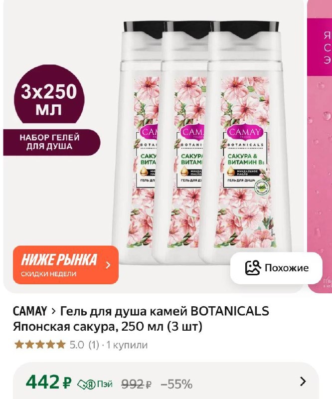 Гель для душа камей BOTANICALS Японская сакура, 250 мл (3 шт) https://market.yandex.ru/cc/82gPm4 ⭐️NORTME-41-AF - минус 2000₽ на один любой заказа от 8000₽ (для новых пользователей) ⭐️BER103-AF — минус 100₽ на один любой заказ от 5000₽ ✅ Подписаться 🔣 Бот с промокодами
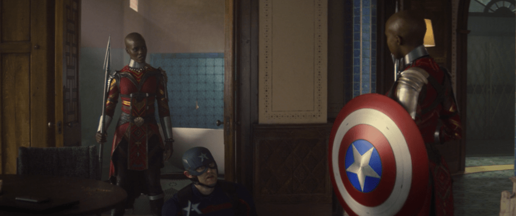 I do like that Walker wrestles with the idea of taking the serum or not. It’s obvious that the good man is still in there, but his growing frustrations at getting his ass kicked, by the super-powered Flag Smashers, then by the not super-powered Dora Milaje really forces his choice, by the time we see him walk into a trap in which the Flag Smashers intended to kill Captain America, he has already taken the serum and become an equal to the previous Captain America… at least in terms of strength.
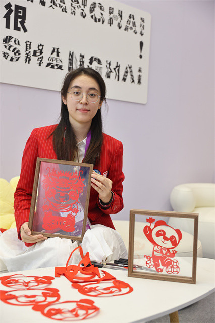 这次,她也把自己的特长融入进来,希望在这一对外开放的重要平台上更好发挥青年力量,宣传非遗剪纸的魅力和影响力,用可亲的方式,诠释新时代的剪纸艺术,弘扬中华优秀传统文化。
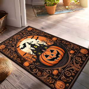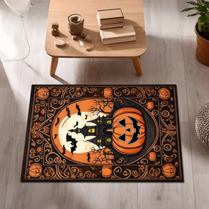 Ghost Bats Pumpkin Rug, Decorative Rug, Halloween Rug, Living Room Rug, Halloween Gifts
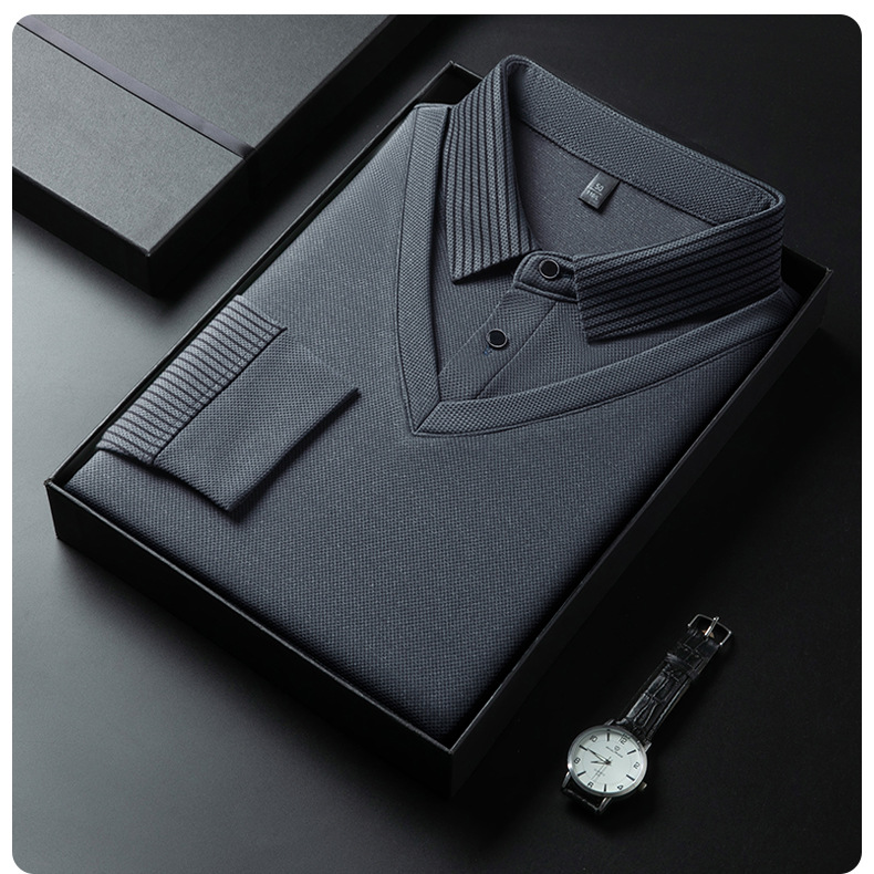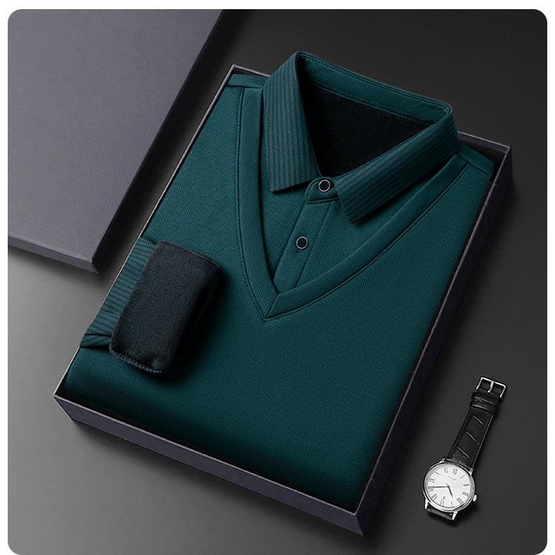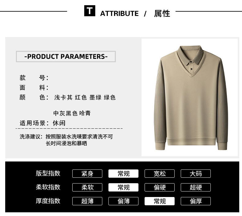 남자 가짜 투피스 긴팔 티셔츠 남자 2024 봄과 가을 새로운 중년 아빠 셔츠 칼라 캐주얼 베이스 셔츠 남자스토어 가기
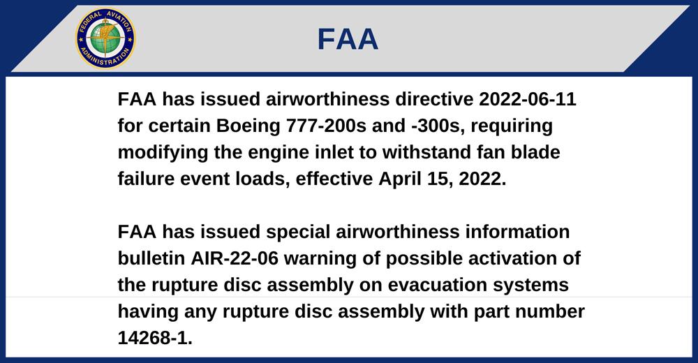 FAA has issued airworthiness directive 2022-06-11 for certain Boeing 777-200s and -300s, requiring modifying the engine inlet to withstand fan blade failure event loads, effective April 15, 2022.
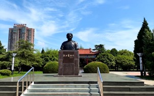 繼續(xù)前行,在陵園中間屹立著的是江上青烈士的雕像。雕像栩栩如生,江上青烈士身姿挺拔,目光堅定地望向遠(yuǎn)方,仿佛仍在為心中的理想和信念而堅守。他的神態(tài)中透露出無畏與堅毅,那是在戰(zhàn)火紛飛的年代里,為了國家和人民勇往直前、毫不退縮的決心。雕像的背后對江上青烈士的介紹也令人動容。江上青烈士出生于一九一一年,他英勇無畏,為了實(shí)現(xiàn)革命理想,不惜犧牲一切,為國家和人民的解放事業(yè)做出了不可磨滅的貢獻(xiàn)。一九三八年,年僅二十八歲的江上青烈士遭到地主反動武裝襲擊壯烈犧牲,他的生命雖然短暫,但他的精神永垂不朽。雕像的每一處線條都刻畫得細(xì)膩而生動,烈士的英勇形象被永恒地定格在這一瞬間,但革命先烈的偉大精神將被永遠(yuǎn)傳承。實(shí)踐小組成員們在雕像前整齊列隊,神情肅穆,全體成員默哀三分鐘,表達(dá)對江上青英烈的深切哀悼和無盡敬仰。
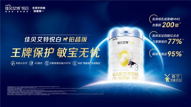悦白铂晶版:更加低敏的“增重防护盾”羊奶粉针对对低敏性要求更高的家庭,悦白铂晶版特含“疏敏源”乳清蛋白,并搭配超200倍HMO,经过临床喂养实证,宝宝四肢湿疹症状表现情况从6%降到了1.4%,四肢红点点几率降低约77%(北京大学公共卫生学院《不同配方奶粉临床喂养研究报告》)。羊奶小分子+天然A2蛋白更易吸收,营养吸收率同样高达95%。
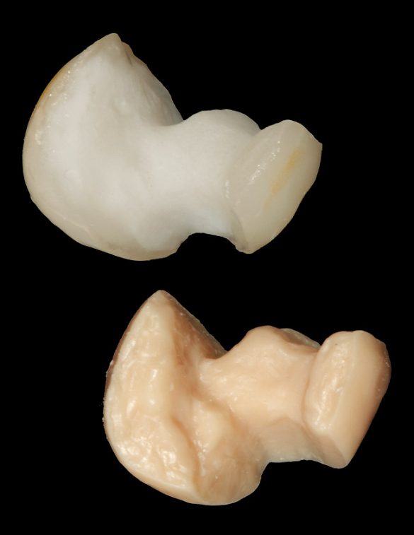Ceramicele s-au bucurat de o istorie bogată în stomatologie, de la coroana ceramică totală şi coroana de alumină lipsită de contracţie până la coroanele din ceramică de sticlă obţinute prin turnare.1-4 La începutul anilor 1990 s-au dezvoltat ceramicele de sticlă ranforsate cu leucit (leucite-reinforced glass ceramics, LRGC), care implicau cristale de leucit într-o matrice de sticlă amorfă. Particulele de leucit au crescut rezistenţa materialului prin limitarea propagării fisurilor. Aceste restaurări implicau tehnica turnării prin metoda cerii pierdute şi tehnologia de presare termică.5 În plus, abilitatea de a grava acid suprafaţa şi de a o ataşa adeziv la structura dentară a îmbunătăţit semnificativ predictibilitatea şi supravieţuirea acestor restaurări, în cazul cărora eforturile anterioare eşuau.6 Restaurările LRGC au trecut testul timpului şi au revoluţionat stomatologia estetică modernă.
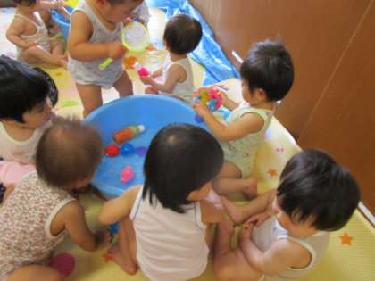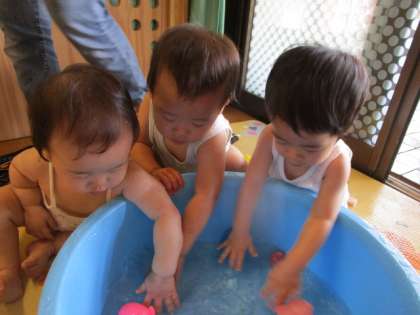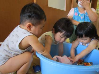 水遊びをしました。(ひよこ組) 公開日 2023/08/25 更新日 2023/08/25 1日の生活 ひよこ組の子どもたちは、毎日暑くても元気いっぱい! 少しでも涼しく感じられるように、お部屋の中でたらいの水を触って遊びました。 手でバシャバシャしたり、浮いているおもちゃをすくったりして楽しんでいました。

- **Prompt**:
None of the pictures belong in the copy; repeat all other material exactly.

- **Exercise result**:
 Гель для душа камей BOTANICALS Японская сакура, 250 мл (3 шт) https://market.yandex.ru/cc/82gPm4 ⭐️NORTME-41-AF - минус 2000₽ на один любой заказа от 8000₽ (для новых пользователей) ⭐️BER103-AF — минус 100₽ на один любой заказ от 5000₽ ✅ Подписаться 🔣 Бот с промокодами
 I do like that Walker wrestles with the idea of taking the serum or not. It’s obvious that the good man is still in there, but his growing frustrations at getting his ass kicked, by the super-powered Flag Smashers, then by the not super-powered Dora Milaje really forces his choice, by the time we see him walk into a trap in which the Flag Smashers intended to kill Captain America, he has already taken the serum and become an equal to the previous Captain America… at least in terms of strength.
 这次,她也把自己的特长融入进来,希望在这一对外开放的重要平台上更好发挥青年力量,宣传非遗剪纸的魅力和影响力,用可亲的方式,诠释新时代的剪纸艺术,弘扬中华优秀传统文化。
 Ghost Bats Pumpkin Rug, Decorative Rug, Halloween Rug, Living Room Rug, Halloween Gifts
 남자 가짜 투피스 긴팔 티셔츠 남자 2024 봄과 가을 새로운 중년 아빠 셔츠 칼라 캐주얼 베이스 셔츠 남자스토어 가기
 FAA has issued airworthiness directive 2022-06-11 for certain Boeing 777-200s and -300s, requiring modifying the engine inlet to withstand fan blade failure event loads, effective April 15, 2022.
 繼續(xù)前行,在陵園中間屹立著的是江上青烈士的雕像。雕像栩栩如生,江上青烈士身姿挺拔,目光堅定地望向遠(yuǎn)方,仿佛仍在為心中的理想和信念而堅守。他的神態(tài)中透露出無畏與堅毅,那是在戰(zhàn)火紛飛的年代里,為了國家和人民勇往直前、毫不退縮的決心。雕像的背后對江上青烈士的介紹也令人動容。江上青烈士出生于一九一一年,他英勇無畏,為了實(shí)現(xiàn)革命理想,不惜犧牲一切,為國家和人民的解放事業(yè)做出了不可磨滅的貢獻(xiàn)。一九三八年,年僅二十八歲的江上青烈士遭到地主反動武裝襲擊壯烈犧牲,他的生命雖然短暫,但他的精神永垂不朽。雕像的每一處線條都刻畫得細(xì)膩而生動,烈士的英勇形象被永恒地定格在這一瞬間,但革命先烈的偉大精神將被永遠(yuǎn)傳承。實(shí)踐小組成員們在雕像前整齊列隊,神情肅穆,全體成員默哀三分鐘,表達(dá)對江上青英烈的深切哀悼和無盡敬仰。
悦白铂晶版:更加低敏的“增重防护盾”羊奶粉针对对低敏性要求更高的家庭,悦白铂晶版特含“疏敏源”乳清蛋白,并搭配超200倍HMO,经过临床喂养实证,宝宝四肢湿疹症状表现情况从6%降到了1.4%,四肢红点点几率降低约77%(北京大学公共卫生学院《不同配方奶粉临床喂养研究报告》)。羊奶小分子+天然A2蛋白更易吸收,营养吸收率同样高达95%。
Ceramicele s-au bucurat de o istorie bogată în stomatologie, de la coroana ceramică totală şi coroana de alumină lipsită de contracţie până la coroanele din ceramică de sticlă obţinute prin turnare.1-4 La începutul anilor 1990 s-au dezvoltat ceramicele de sticlă ranforsate cu leucit (leucite-reinforced glass ceramics, LRGC), care implicau cristale de leucit într-o matrice de sticlă amorfă. Particulele de leucit au crescut rezistenţa materialului prin limitarea propagării fisurilor. Aceste restaurări implicau tehnica turnării prin metoda cerii pierdute şi tehnologia de presare termică.5 În plus, abilitatea de a grava acid suprafaţa şi de a o ataşa adeziv la structura dentară a îmbunătăţit semnificativ predictibilitatea şi supravieţuirea acestor restaurări, în cazul cărora eforturile anterioare eşuau.6 Restaurările LRGC au trecut testul timpului şi au revoluţionat stomatologia estetică modernă.
 水遊びをしました。(ひよこ組) 公開日 2023/08/25 更新日 2023/08/25 1日の生活 ひよこ組の子どもたちは、毎日暑くても元気いっぱい! 少しでも涼しく感じられるように、お部屋の中でたらいの水を触って遊びました。 手でバシャバシャしたり、浮いているおもちゃをすくったりして楽しんでいました。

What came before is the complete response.